When I was a child, whenever I travelled in our family car I got travel sickness. Dad fixed this by installing a metal impregnated rubber strap that touched the road intermittently. The logic behind this was that static electricity build-up which was inducing the sickness was being discharged to the road by the intermittent touching. I know that jet airliners have probes that point backwards and from the trailing points, static electricity is discharged. This is a real phenomenon and the treatment simple and effective.

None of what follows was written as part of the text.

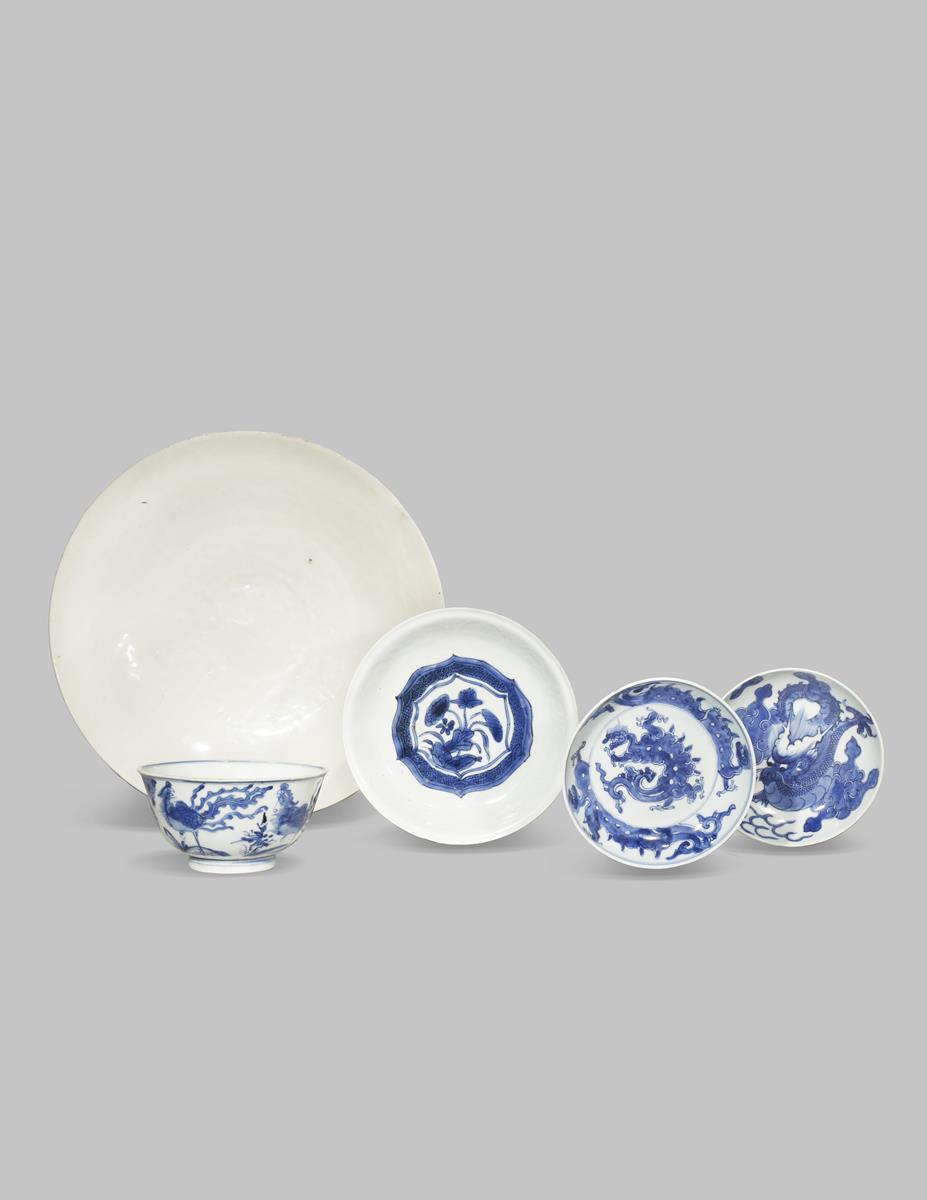 Comprising: a large white glazed Swatow dish, a plate painted with a spray of lotus within a moulded border, two dishes decorated with dragons and a deep bowl, painted with phoenix and lotus, 37cm. (5)

Can I have a feeling from other Grenadier drivers about this issue. Is it real and what strategies have you taken to prevent it?
 
It’s likely the B-pillar location. It’s pretty far forward relative to most other cars. Was she sitting very far back or low? Lift the seat a little. That may help. I noticed the pillar location while test driving, making a right turn at an angle and leaning forward a bit to see the cars coming. Not an issue for me at all, but could be for some🤷
 
If you get a tens unit, and put the pads on your temples at level 10, it'll balance your soul's magnetic field with the smart alternator that's causing this by not charging the battery to full. What you're feeling is your soul tearing away from your inner ear due to a low battery charge.
 
Not caused by static but could be the motion. If you feel as though it is static the person will only need to touch something metal in the vehicle like the body then they will be discharged to the vehicle just like you are supposed to do when you fill our tank with fuel. Touch metal and its solved. FYI airplanes have that static dong because they are avoiding it turning static into RF and interfering with transmission.
 
Spent more 14+ hour drive days in a Grenadier than I can count, many of those with my GF in the passenger seat, and never once any sort of motion sickness from the vehicle. Whether seated upright or reclined back and napping
 
IME, motion sickness, assuming that's the same as your term for “travel sickness”, is caused by two main factors:

1) Frequency of the motion: Think of a sine wave. Some people cannot tolerate a slow wave action, whereas others get sick when the wave action is sharper. Think of a slow rocking of the sea vs the wave action on a boat during storm.

The same idea translates to a vehicles suspension. My wife and kid could not tolerate the suspension in my Ford Raptor. It had a pretty cushy almost wallow(y) plushness to it. In comparison the Grenadier is much firmer.

2) Vestibular: Body roll around corners is more than other vehicles and the delay in response can affect the senses, since your eyes are seeing one thing but your vestibular system is sensing another. Basically when the truck goes left and the body rolls right, it can start to mess with a persons internal equilibrium when repeated over and over on a curvy road.
 
Is travel sickness a common feature of driving in a Grenadier? I took one for a test drive over varying terrain including a bumpy, windy road and my poor wife developed travel sickness. Of the four other cars we have taken over the same route, only the Grenadier was accompanied by this side effect.

When I was a child, whenever I travelled in our family car I got travel sickness. Dad fixed this by installing a metal impregnated rubber strap that touched the road intermittently. The logic behind this was that static electricity build-up which was inducing the sickness was being discharged to the road by the intermittent touching. I know that jet airliners have probes that point backwards and from the trailing points, static electricity is discharged. This is a real phenomenon and the treatment simple and effective.

Can I have a feeling from other Grenadier drivers about this issue. Is it real and what strategies have you taken to prevent it?
Only when I cannot drive it remotely as much as I would like!
 
Let your wife drive and see if it happens.
And ban her from looking at her phone whilst passengerising, to coin a word.